An essential component of the replisome complex is the polymerase, which synthesises new DNA on unwound strands.
First, a primase complex associates with unwound DNA and synthesizes DNA/RNA primers. Although the DNA primer at the leading strand is extended continuously, the lagging strand is synthesised discontinuously as Okazaki fragments. It is important to understand how different poymerases coordinate DNA synthesis for accurate replication. Live cell imaging in bacteria showed that a single replisome contains three polymerases, one acting on the leading strand and two on the lagging as opposed to the previous assumption that there is one polymerase acting on each strand. The presence of two lagging strand polymerases was shown to be important for processive lagging strand synthesis.

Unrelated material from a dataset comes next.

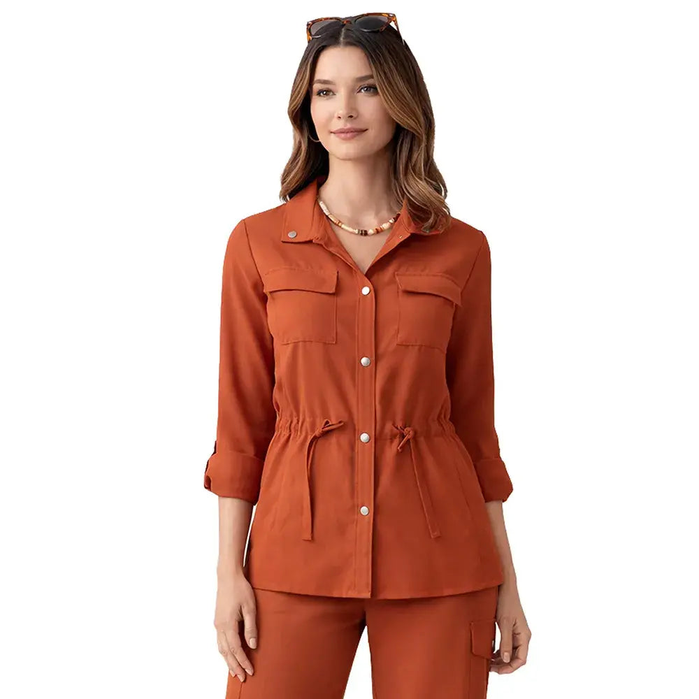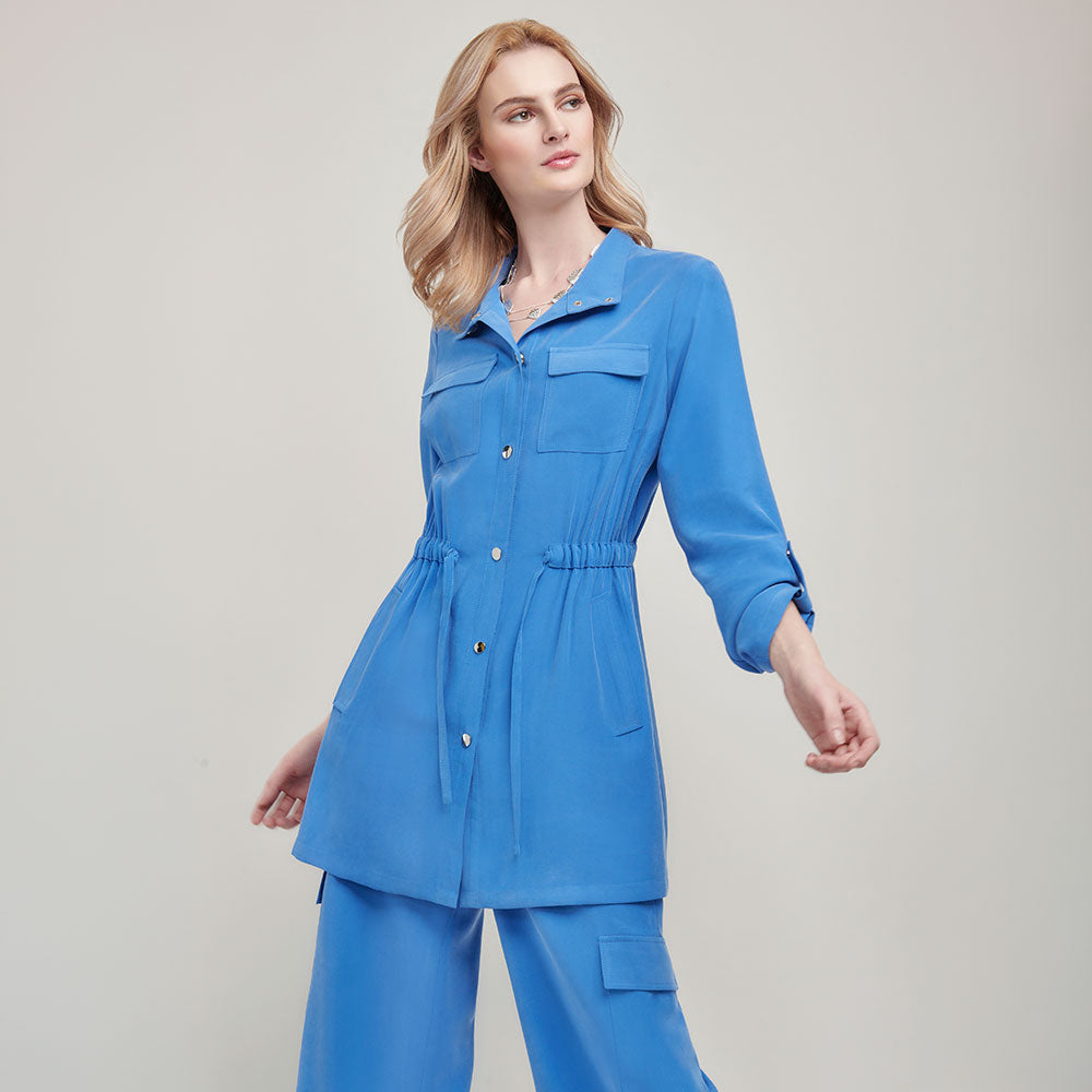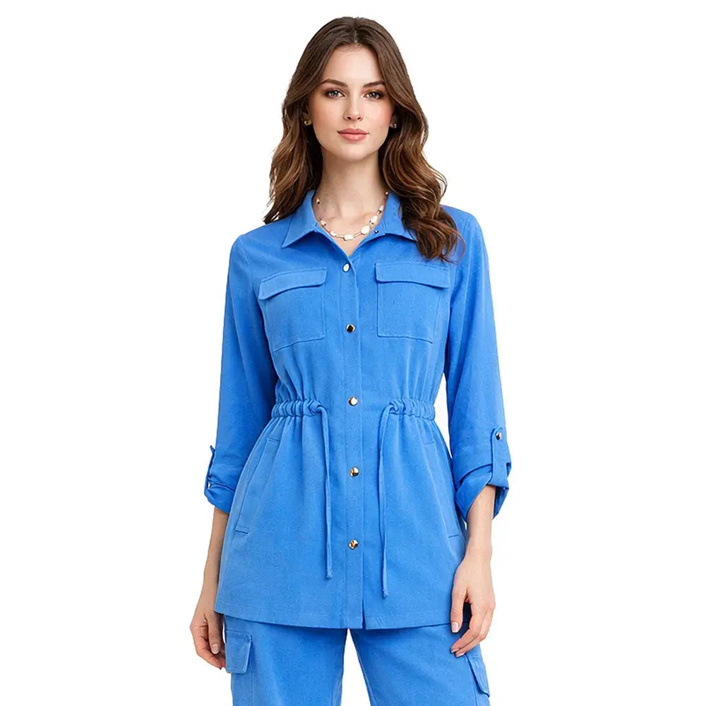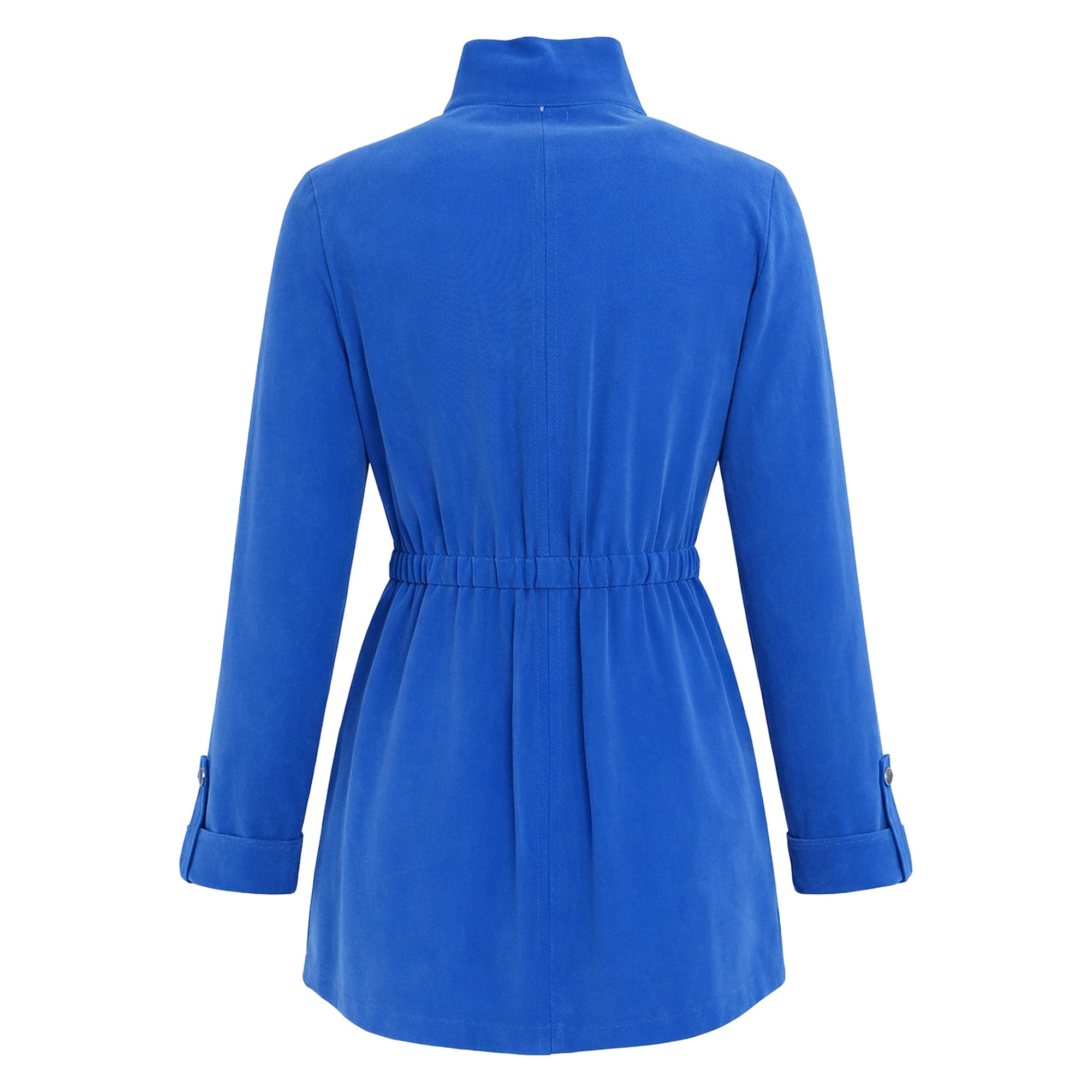 Diseñado para quienes buscan estructura con comodidad. El cuello alto aporta presencia, los broches frontales permiten cierre práctico y la jareta en cintura define silueta. Incluye bolsas de parche y elevador de manga, haciendo la pieza completamente funcional.
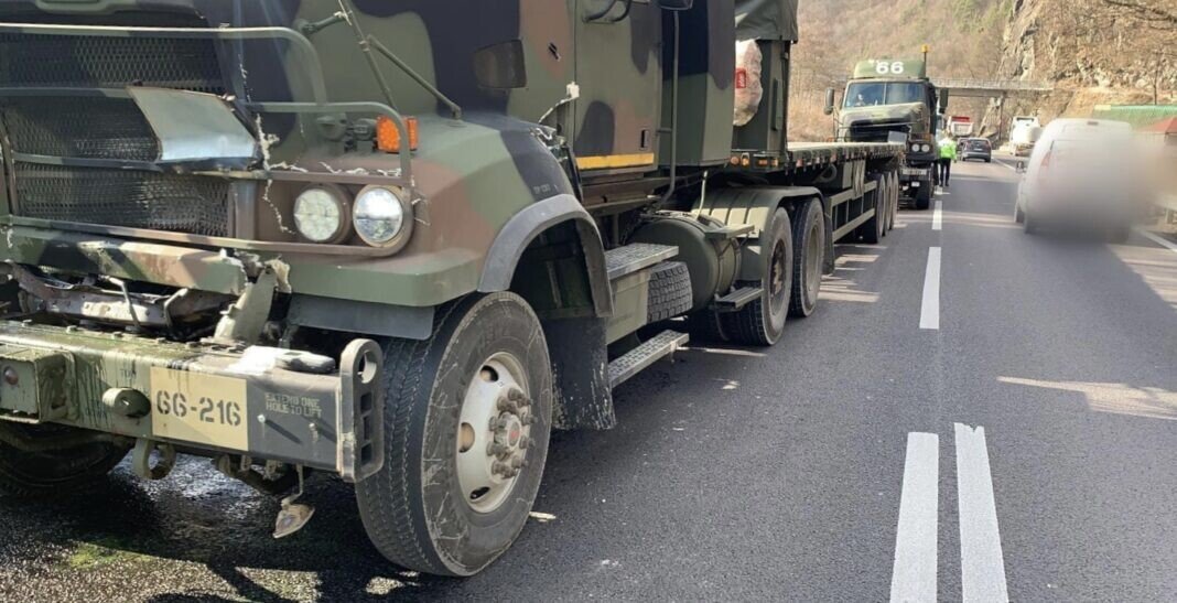 FOTO: Convoi NATO blocat pe Valea Oltului. A făcut accident

Unlike prokaryotes, eukaryotes employ different polymerases to synthesise leading and lagging strands. Upon priming by polymerase alpha-primase complex (pol α), the leading strand is replicated by polymerase epsilon (pol ε) while the lagging strand is replicated by the action of polymerase delta (pol δ) (Figure 1). Currently, little is known about the stoichiometry and dynamics of eukaryotic replisome components including polymerases. How long does pol α remain on DNA before pol ε or pol δ takes over? How many pol ε and pol δ molecules are associated with individual replisomes? How often do poymerases exchange at the fork while synthesising the leading and lagging strands? To address these questions, we aim to visualise individual molecules in real time during replication of stretched DNA molecules. Our work will also provide important insight into how the replication machinery acts upon encountering different types of DNA damage.